Officials say latest oversight framework will provide accountability for earlier accountability measures that may not have received adequate procedural reflection

CINCINNATI— In a move city leaders described as a necessary step toward restoring public confidence in Cincinnati’s internal accountability systems, officials announced Friday the formation of a new review process tasked with evaluating whether previous review processes were themselves reviewed thoroughly enough.

The announcement came after several weeks of discussion at City Hall regarding how best to assess a series of past assessments tied to departmental performance, procurement procedures, and various public-facing initiatives whose outcomes had already been documented in at least three separate summary memos.

Mayor Aftab Pureval said the city’s objective was not to revisit old conclusions so much as to confirm that those conclusions had been reached through a sufficiently reviewable method.

“We are committed to making sure every review receives the level of review our residents have come to expect,” Pureval said. “If a review occurred without a clear secondary review pathway, then naturally there are questions about whether that review was ever truly available for review in the first place.”

Under the proposal, an interdepartmental panel will examine prior findings, identify which findings were preliminarily affirmed, and determine whether those affirmations require a follow-up review before being sent to a final review committee for procedural acknowledgment.
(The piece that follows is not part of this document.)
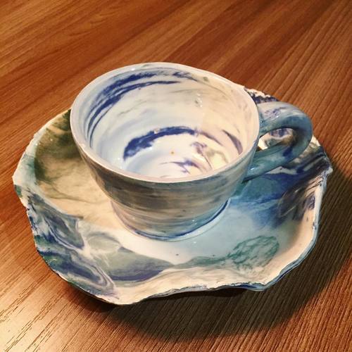 @ninekrasЕщё в октябре сделала пиалку и блюдечко в технике нерикоми, да все не было настроения вам их показать ?Путем смешения разных цветов глин образуются абсолютно непредсказуемые узоры. Каждое изделие неповторимо! А больше всего меня поразил кипельно белый цвет глины. Благодаря ей посуда становится очень нарядной! ?Как всегда спасибо @kolokolschool, скоро вновь приду к вам! ?#kolokolschool

Officials said the process could extend into late summer, or longer if additional past reviews are discovered in storage, email threads, or labeled binders in the basement of the City-County Building.

Deputy City Manager Leslie Ghiz said the city is aiming for a measured approach.

“We do not want to rush into validating a review before first confirming that the validation criteria were properly reviewed,” Ghiz said. “That would only create new questions.”

Downtown resident Mark Ellison said he appreciated the seriousness of the effort, though he admitted he had lost track of what was being reviewed sometime around the second paragraph of the public notice.

“I don’t need government to be fast,” Ellison said. “I just need to know somebody, somewhere, is looking into whether the people looking into things have been looked into.”